White v. Bhatt
102 N.E.3d 607
Ohio Ct. App.2017Background
- Decedent Cheri White was admitted unconscious to MedCentral Hospital and placed on a ventilator; Dr. Bhatt ordered a neurology consult and Dr. Tan performed brain-death testing including manual brain-stem reflex tests and an apnea test.
- Family members (Charles White and Christina Christner) were informed of the testing and were present; they observed parts of the testing and were disturbed by Decedent being partially unclothed during the apnea test.
- Decedent was pronounced dead after testing; plaintiffs sued for negligent and intentional infliction of emotional distress and for abuse of an unconscious/deceased person.
- Defendants moved for summary judgment; the trial court granted summary judgment for defendants on March 7, 2017. Plaintiffs appealed; Dr. Tan cross-appealed, arguing statutory immunity under R.C. 2108.40 was not addressed.
- On appeal the court reviewed de novo and affirmed summary judgment, holding plaintiffs failed to show serious emotional distress causally tied to defendants’ conduct and plaintiffs had not preserved certain discovery-based objections.
Issues
| Issue | Plaintiff's Argument | Defendant's Argument | Held |
|---|---|---|---|
| Negligent infliction of emotional distress / abuse of unconscious or deceased person | Plaintiffs say witnessing tests (including apnea test) and alleged mistreatment caused serious emotional distress and supports negligence/abuse claim | Defendants say either plaintiffs were intentional observers, not bystanders, and in any event plaintiffs cannot show severe, debilitating emotional injury causally tied to defendants’ conduct | Affirmed for defendants: plaintiffs failed to prove serious emotional distress causally connected to defendants’ conduct; abuse claim not recognized under these facts |
| Intentional infliction of emotional distress | Plaintiffs assert defendants’ conduct was extreme/outrageous and caused severe emotional distress | Defendants argue their conduct was proper medical testing and not extreme/outrageous; even if borderline, plaintiffs’ distress is not sufficiently serious | Affirmed for defendants: either conduct not extreme/outrageous or, independently, plaintiffs did not present evidence of serious emotional distress |
| Discovery — motion to compel not ruled on | Plaintiffs contend trial court’s failure to rule impaired their ability to oppose summary judgment | Defendants note plaintiffs did not seek relief under Civ.R. 56(F) to delay summary judgment pending discovery | Affirmed: no abuse of discretion; plaintiffs failed to invoke Civ.R. 56(F), so court could rule on summary judgment without ruling on motion to compel |
| Cross-appeal: statutory immunity (R.C. 2108.40) for brain-death determination (Dr. Tan) | Dr. Tan argues statutory immunity shields him from liability for actions in determining brain death | Plaintiffs oppose (not detailed) | Cross-appeal dismissed as moot: court found alternate independent ground for summary judgment and did not reach statutory-immunity argument |
Key Cases Cited
- Smiddy v. The Wedding Party, 30 Ohio St.3d 35 (Ohio 1987) (summary-judgment standard review)

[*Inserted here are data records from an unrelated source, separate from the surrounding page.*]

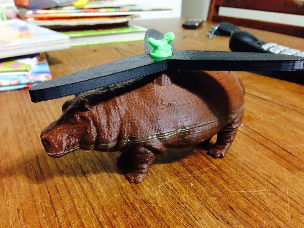 trộn một chiếc trực thăng với một con hà mã được in nhiều năm trước trên printrbot kim loại đơn giản
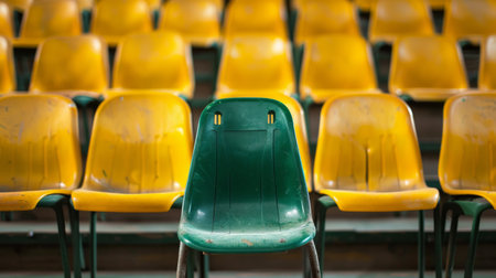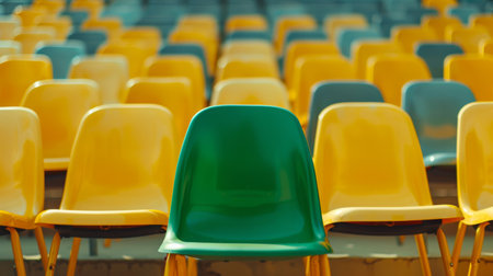 Close up image of stadium seats, capturing sports venue, seating arrangement, and event atmosphere.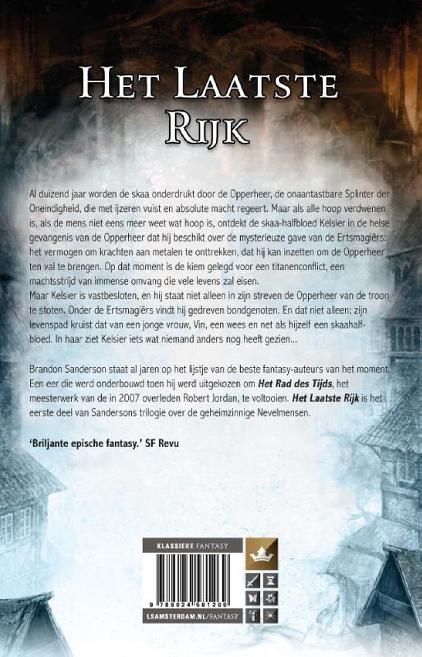 Het Laatste Rijk is het eerste deel van Sandersons trilogie over de geheimzinnige Nevelaars, waarmee hij stormenderhand het Angelsaksisch taalgebied veroverde en zijn naam vestigde. Meer dan eens worden zijn boeken vergeleken met die van George R.R. Martin en Raymond E. Feist.
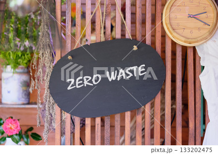 A sign that reads ZERO WASTE hangs on a wooden gate beside flowers, herbs, and a clock. It emphasizes a commitment to environmental protection and minimal trash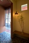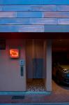 The entrance porch is decorated with a neon light shaped like a hippopotamus, the client's favorite animal. After passing through the "noren" curtain, visitors are greeted by an earthen floor in the entrance hall, featuring rounded pebbles selected by the client, and a lighting fixture made from stone.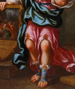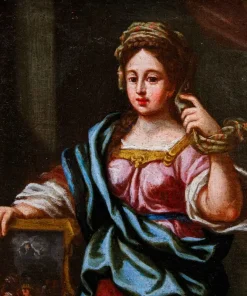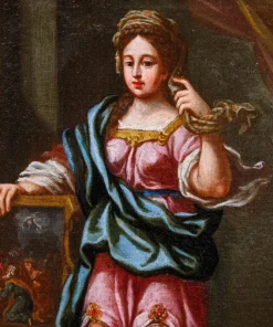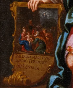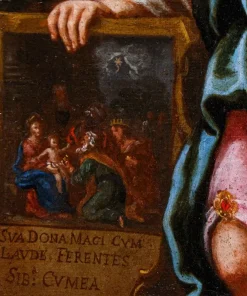 Nel nostro dipinto la sibilla è rappresentata stante: tra le mani regge uno stendardo che reca la raffigurazione dell’adorazione dei magi, evento cruciale per la storia dell’umanità che la sacerdotessa sta anticipando attraverso la profezia che descrive la scena e, al contempo, la prevede: “SUA DONA MAGI CUM LAUDE FERENTES”, ovvero i Magi portanti i loro doni con onore. Questa breve profezia, che si completerebbe con objicient puero myrham, aurum, thura sabae, ovvero mostreranno al bambino mirra, oro, incenso sabeo, è stata associata anche alla sibilla cimmeria nel corso dei secoli ma tendenzialmente nelle raffigurazioni artistiche si associava alla cumana, che perciò si accosta all’immagine dell’adorazione dei Magi. A ulteriore conferma del potere profetico della sibilla ritroviamo ai suoi piedi, sulla destra della composizione, uno dei mitici libri che raccoglievano le fondamentali previsioni relative agli sviluppi della storia di Roma e del Cristianesimo. Le vesti panneggiate e lo sguardo sereno ma, al contempo, estremamente deciso rivolto all’osservatore contribuiscono a fornire un’impressione di assoluta autorevolezza a questo personaggio mistico e intrigante.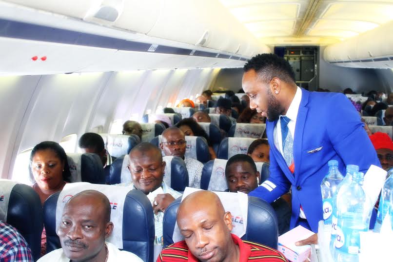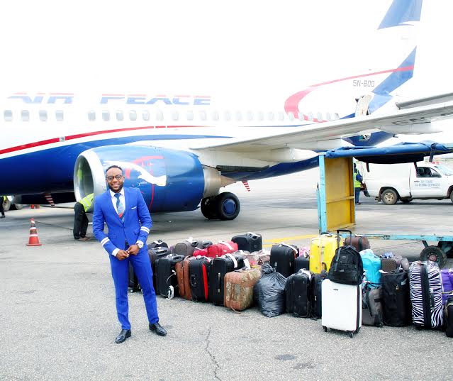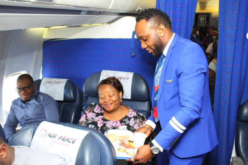 On Saturday October 24th, front line aviation company, Air Peace turned a year older and as part of it’s anniversary celebration, Five Star music act Kingsley Okonkwo aka Kcee who is the official brand ambassador of the airline was on board different routes as a cabin crew member where a lot of goodies were given out to lucky customers for their patronage over the last one year.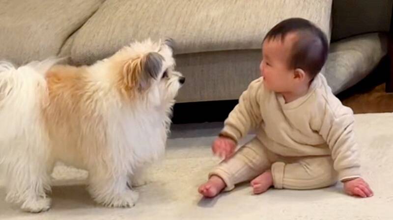 はいはいする赤ちゃんの正面から『おかえり!』と尻尾を振りながら歓迎するまめたくん。何度もお顔を近づける様子は『楽しかった?』とでも聞いているようで微笑ましい限り。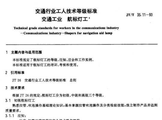 JT/T 35.11规定了航标灯工的等级、应知、应会和工作实例。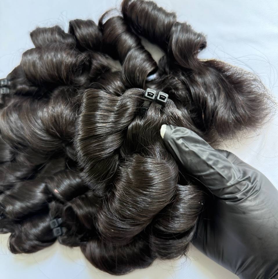 ผมเวียดนามแท้แบบไม่ผ่านการแปรรูป ยี่ห้อ CDYHAIRVN แบบลอนเด้ง ทอแบบด้วยเครื่องจักร ด้ายคู่ ออกแบบได้ตามต้องการ สำหรับผู้หญิงผิวสี สามารถฟอกสีได้ สีดำ สีเบลช 27 613

- Grafton v. Ohio Edison Co., 77 Ohio St.3d 102 (Ohio 1996) (de novo review of summary judgment)
- Celotex Corp. v. Catrett, 477 U.S. 317 (U.S. 1986) (moving party’s burden in summary judgment)
- Dresher v. Burt, 75 Ohio St.3d 280 (Ohio 1996) (framework for summary-judgment burdens)
- Temple v. Wean United, Inc., 50 Ohio St.2d 317 (Ohio 1977) (elements for granting summary judgment)
- Walker v. Firelands Community Hosp., 170 Ohio App.3d 785 (Ohio App. 2007) (elements for negligent infliction of emotional distress by bystander)
- Paugh v. Hanks, 6 Ohio St.3d 72 (Ohio 1983) (bystander emotional-distress doctrine; foreseeability factors)
- Burris v. Grange Mut. Cos., 46 Ohio St.3d 84 (Ohio 1989) (definition of bystander)
- Heiner v. Moretuzzo, 73 Ohio St.3d 80 (Ohio 1995) (bystander limitations)
- Banford v. Aldrich Chem. Co., 126 Ohio St.3d 210 (Ohio 2010) (severity of emotional distress; court may decide as matter of law)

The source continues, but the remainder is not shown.